Начало этого дня не обещало хороших вестей. Царь дурно спал и был мрачнее тучи. На рассвете он в очередной раз отослал несколько свитков папируса разным адресатам, и один из них отправился в Рим могущественному человеку, с которым он старался быть близок. Он предназначался для прочтения великому полководцу Гнею Помпею Магну. Птолемей Неос Дионис заверял римского государственника в своей преданности, восхищался им как политиком и снова поздравлял Помпея и его и соратников: великих Марка Люциния Красса и Гая Юлия Цезаря, с союзом, который, как он писал, принесет Риму процветание, а его верному другу Египту — также великие блага. Птолемей в очередной раз приглашал Помпея посетить столицу страны Александрию и обещал невиданный прием, хотя прекрасно знал, что это приглашение им снова будет проигнорировано.

После жертвоприношения в одном из храмов бога Ра царь долгое время не выходил из молитвенной комнаты, где его и застало известие о прибытии к нему с важным посланием римлян.

Птолемей с осторожностью принял это известие, однако в скором времени, облачившись при помощи своих слуг во всё драгоценное великолепие, уже восседал на роскошном, отделанном золотом и финифтью, царском троне. Трон находился на нескольких мраморных плитах, образующих своего рода ступени, идущие вверх; это подчеркивало, что фараон является наместником бога Хора[2] на земле, его недосягаемость и отличие от простых смертных. У подножия трона были нанесены резные иероглифические надписи, подчеркивающие божественное происхождение царя. Над ним возвышался небесной синевы купол, который поддерживали четыре колоны, капители которых были выполнены в виде священного цветка лотоса.

Голову властителя венчала двойная корона пшент, символизируя вечное единство египетского государства, его обеих земель и вселенскую гармонию Маат.[3] Поверх короны был одет золотой обруч Урей — изображение богини-кобры Уаджит — покровительницы Нижнего Египта и изображение богини-коршуна Нехбет — покровительницы Верхнего Египта. Это были неотъемлемые символы единства египетского государства. В руках Птолемей держал трёххвостую плеть и скипетр власти. Фараона окружала придворная знать: министры, жрецы, несколько слуг и тайных советников, а также неизменная вооруженная охрана, состоящая из рельефных нубийцев.

Римлян было трое. Через огромный колонный зал с массивными чащами благовоний они входили в тронный, держась вместе. И если двое из них являвшиеся эквитами[4] шли, уверенно чеканя шаг, то третий был, похоже, несколько растерян. Он часто оглядывался по сторонам и был излишне суетлив, что выдавало в нём человека не столь благородного происхождения.

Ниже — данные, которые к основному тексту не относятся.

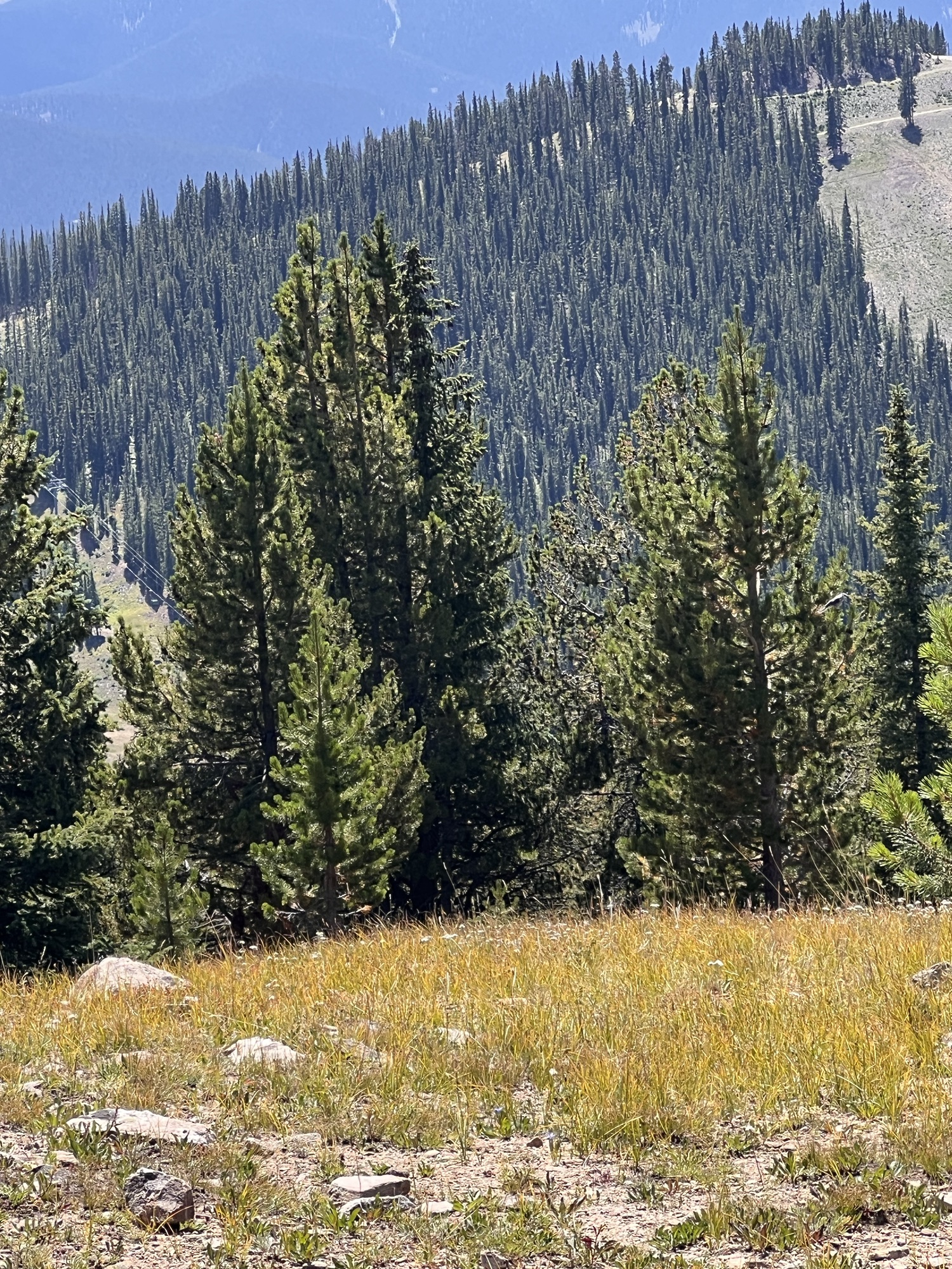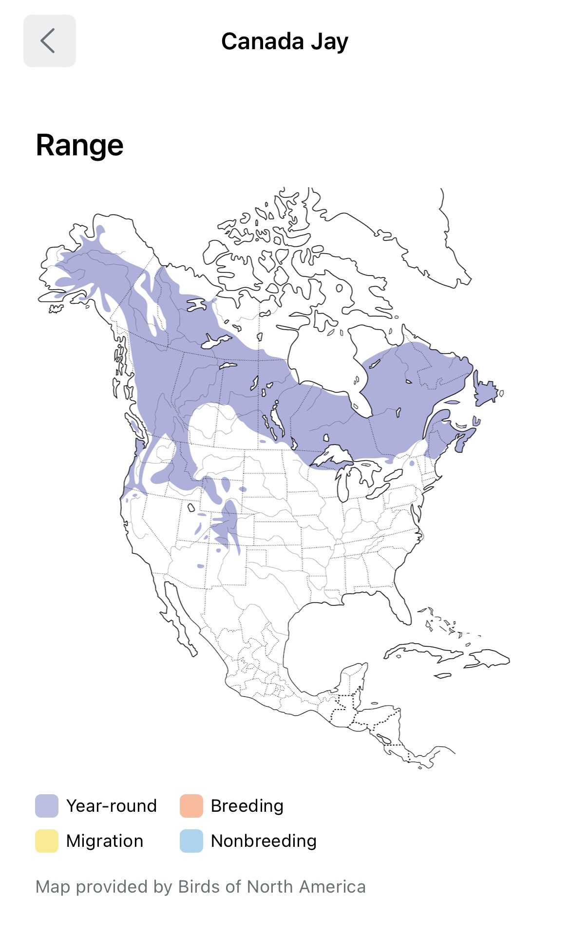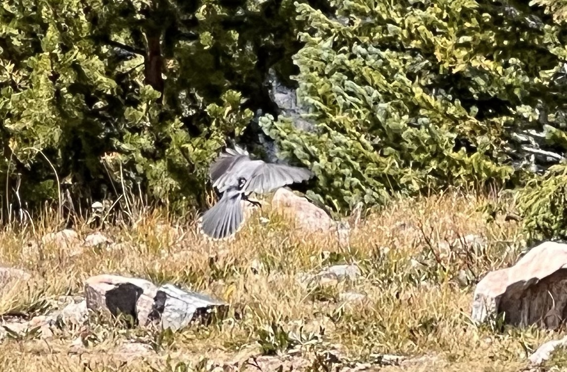 I enjoyed lots of the usual mountain birds, but there was one I’d never seen before. It was a big, solid gray bird with white along its tail. I couldn’t get really close to it or its friends, but I did manage to get clear enough photos that both Merlin and iNaturalist were able to ID them as a bird I’d never heard of: a Canada Jay. Yes, they live here and are birds of high mountains. I think the map of where they are found is interesting.

На двоих из них были воинские доспехи, короткие красные плащи, в руках они держали шлемы с красными гребнями. Их владыка Египта хорошо знал; первый был человек Помпея Луций Септимий, он жил одно время в Египте и выполнял личные поручения римского государственного деятеля. Второй римлянин был новым послом республики, имя ему было Публий Тулий Туск, а вот их спутника он прежде никогда не видел.

Римляне низко опустили головы. Затем к царю обратился худощавый Луций Септимий. Лицо его рассекал глубокий косой шрам, тянущийся от переносицы и до подбородка. Этот шрам придавал ему суровость, которую дополняли безжизненные злые глаза и грубый командный голос.

— Divinum rex! Божественный царь, владыка верхнего и нижнего Египта Птолемей Теос Филопатор Филадельф! Приносящий дождь, свет и радость своим поданным. Желаю здравствовать тебе и твоему роду! Я спешу вручить послание от человека, оказывающего решающее влияние на римскую политику, великого Гнея Помпея Магна. Послание особой важности, поэтому я передаю его лично. Посланник передал свиток одному из приближённых фараона.

— Хочу также представить нашего друга Квинтуса Марция Аттиана, он выражает интересы Гая Рабирия Постума, о котором тебе сообщает в письме великий Помпей. У Квинтуса есть отдельный разговор к царю, — легат еще раз поклонился.

Птолемей Неос Дионис внимательно посмотрел на него. Внешне в этом человеке не было ничего примечательного. Он был маленького роста, черные курчавые волосы, темные глаза, толстый сплюснутый нос, дурацкая улыбка. Абсолютно не запоминающаяся внешность. Наверняка, торговец решил про себя государь. Как этот ничтожный человечишка может представлять интересы сильных мира сего?

Квинтус Марций Аттиан, словно почувствовав, что царь думает о нем, еще больше задергался и несмело молвил:

— Gratia Tua Divina! Твоя божественная светлость, мне много рассказывали об Александрии, о её красоте. Но эти слова ничто по сравнению с явью, что узрели мои глаза. Не скрою своего восхищения, это сказочный город обласкан богами. У меня еще не было времени его хорошо изучить, но то, что я уже увидел, превосходит всякое ожидание. Такого изящества я не встречал ни в одной из стран мира.

— О чем ты хотел поговорить со мной, Квинтус Марций Аттиан? — оборвал его царь, продолжая изучать этого человека словно папирусный свиток.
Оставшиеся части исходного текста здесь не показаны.